Endocrine Abstracts

JOINT3019

Background: Primary ovarian insufficiency (POI) is characterized by 4 to 6 months of amenorrhea and elevated serum FSH and LH in females less than 40 years. Ovarian insufficiency is uncommon in pediatrics and typically results from a chromosomal abnormality or treatment for malignancy. Idiopathic POI in which no apparent precipitant is identified is even rarer.

Case report: The 17- year- old girl was diagnosed with primary amenorreha. She was born from a normal pregnancy, delivery in 40hbd, in good general condition, weight 2350g, length 52cm. The neonatal period was complicated by hypoglycemia, needing 10% intravenous glucose. Due to delayed puberty, the girl was consulted by a gynecologist, who diagnosed hypergonadotropic hypogonadism (FSH- 166.5; LH- 49.43). MRI scan excluded pathological changes in the pituitary gland. The uterus and ovaries were identified on an ultrasound. The girl was confirmed to have a normal female karyotype (46,XX). Genetic testing found a pathogenic variant in both alleles of the MSH5 gene. Disorders of the MSH5 gene are associated with primary ovarian insufficiency, a disease inherited in an autosomal recessive manner. A girl is given estrogen and progesterone as treatment.

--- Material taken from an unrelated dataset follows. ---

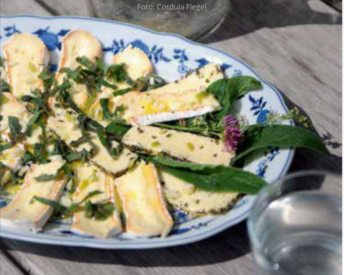 mit Rotschimmel-Camembert, Rotkleeblüten
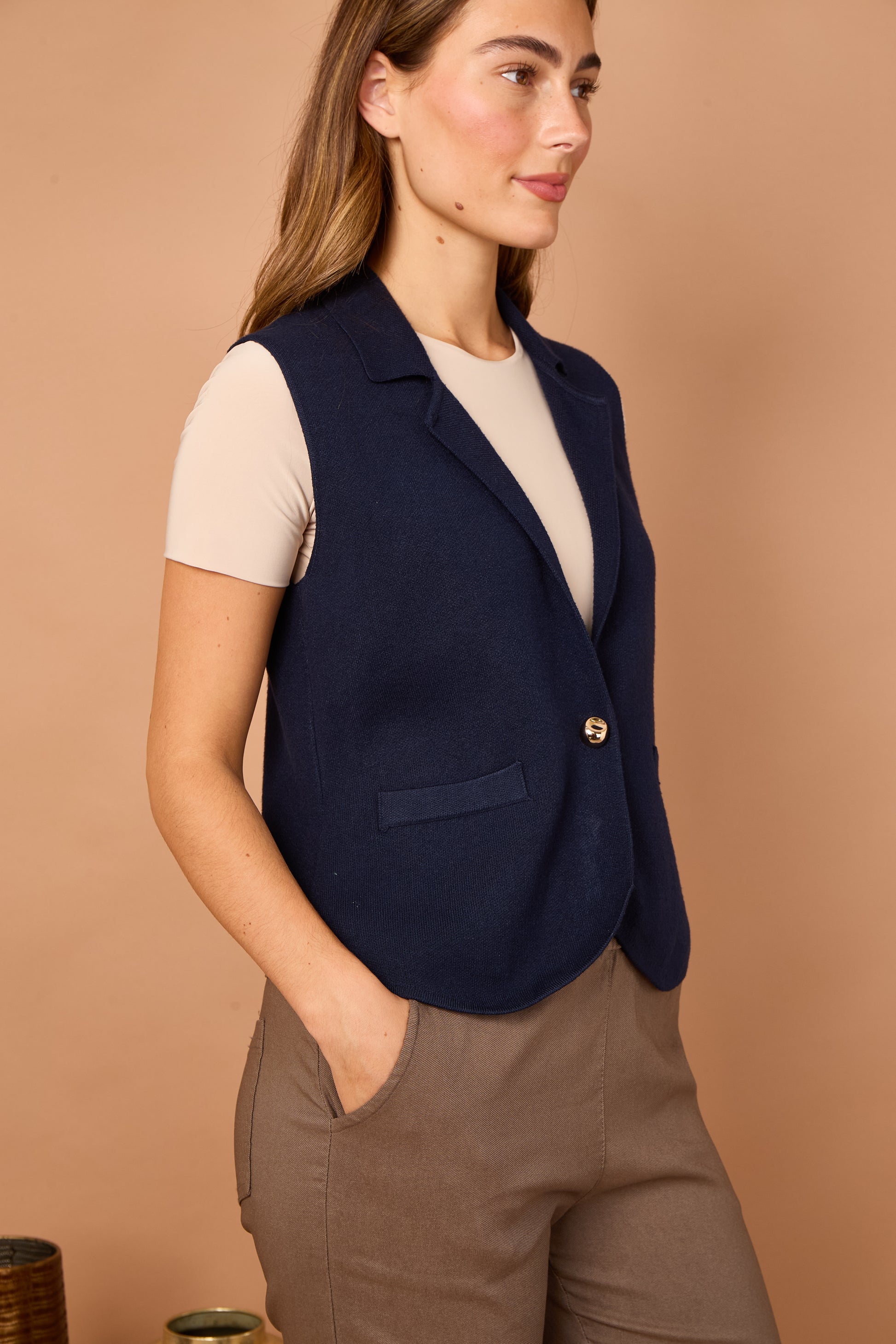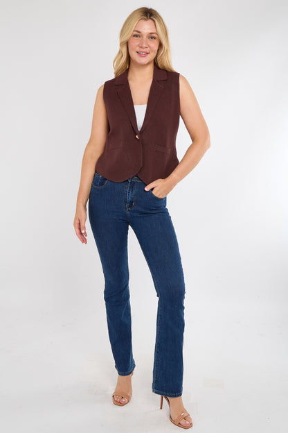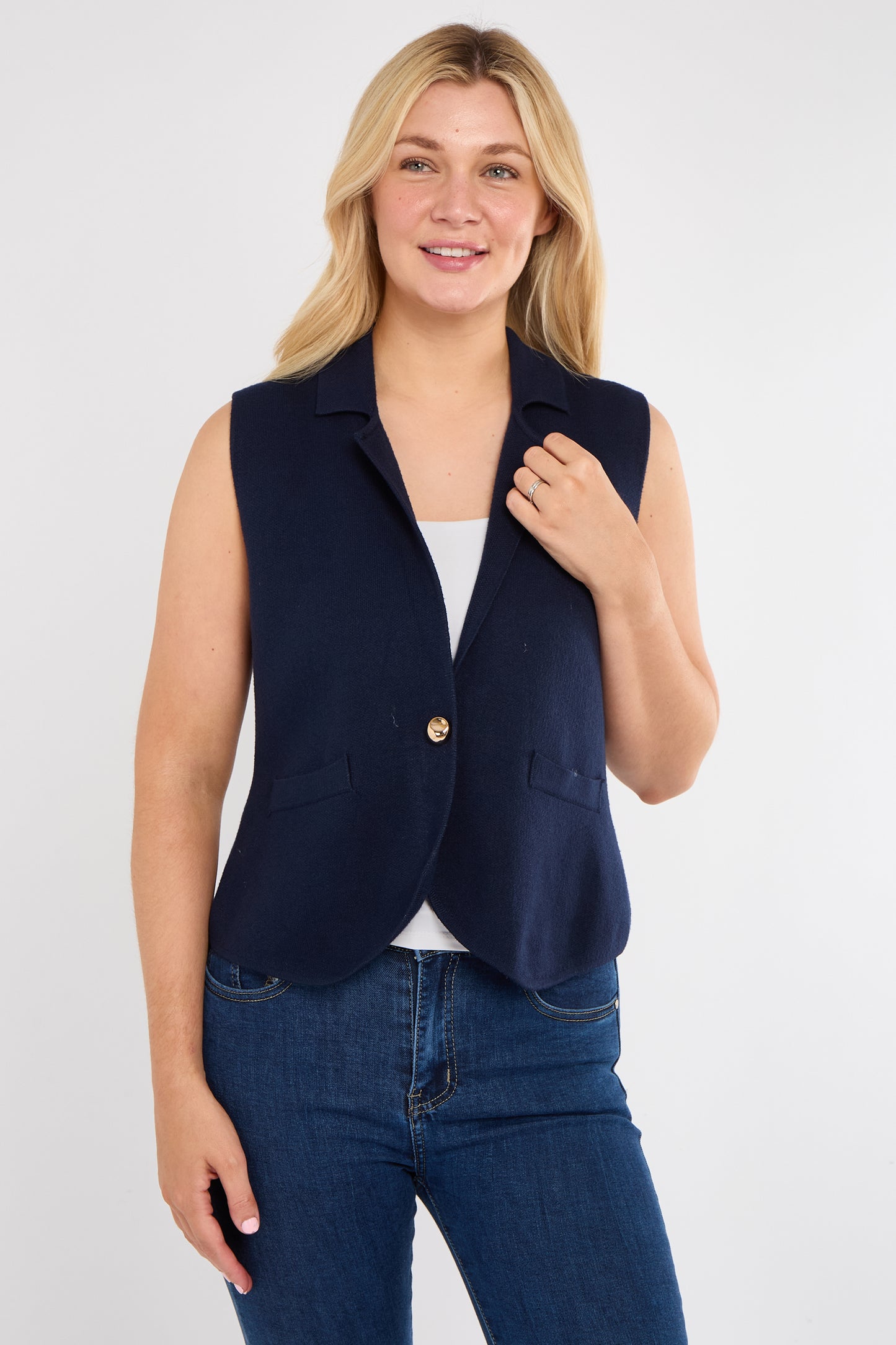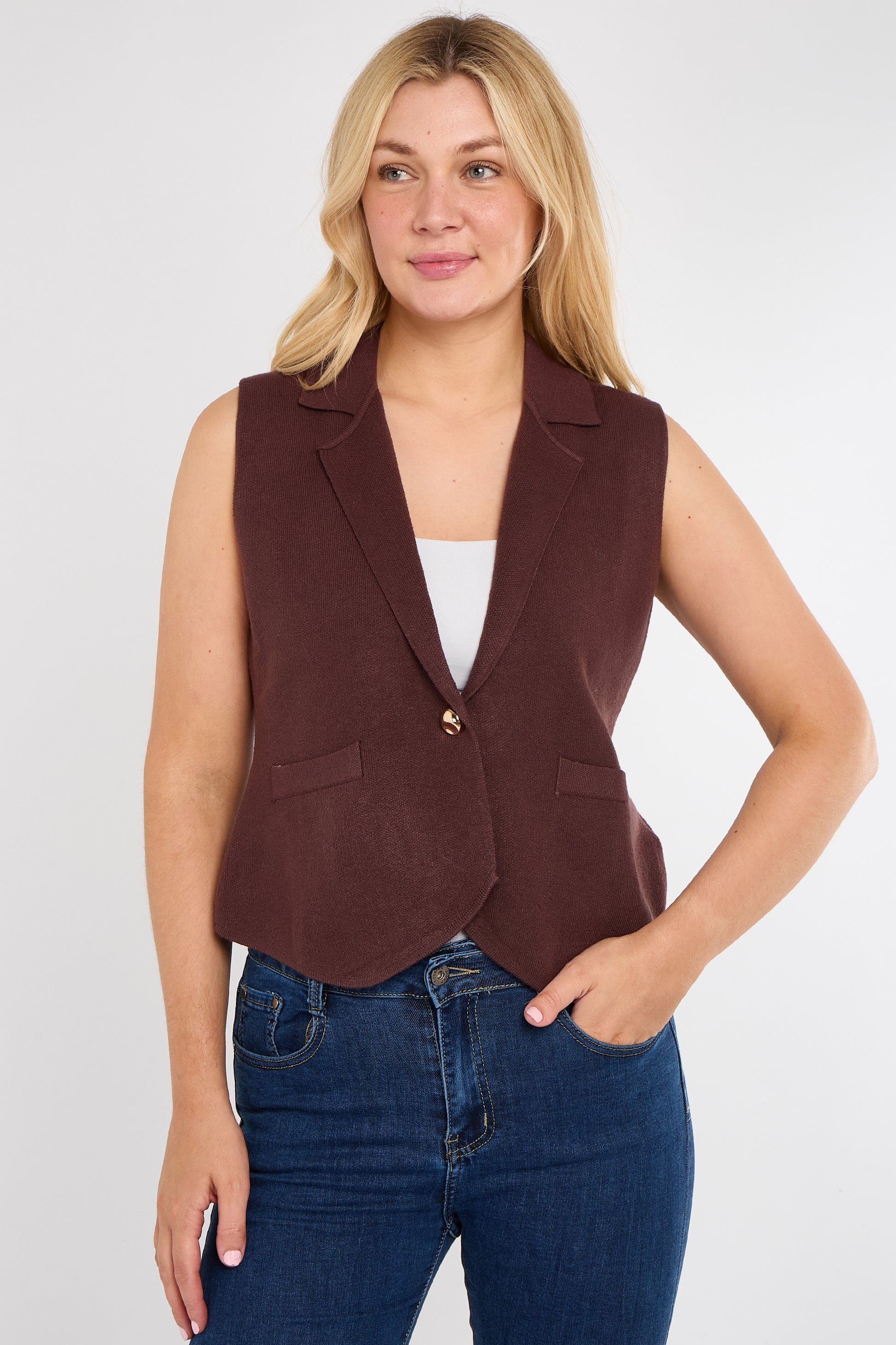 Elevate your layering with the Gold Button Knitted Gilet Blazer — a modern twist on classic tailoring. Crafted from a soft, structured knit, this sleeveless blazer features eye-catching gold buttons that add a touch of luxe sophistication to your outfit.

Results: 1. Primary ovarian insufficiency should be considered in the diagnosis of primary amenorrhea. 2. Recognizing POI in teens who present with amenorrhea is essential in order to provide appropriate endocrine, and gynecologic care and counseling. 3. In patients with primary ovarian insufficiency, the risk of comorbidities and the possibility of genetic inheritance of the condition should be determined.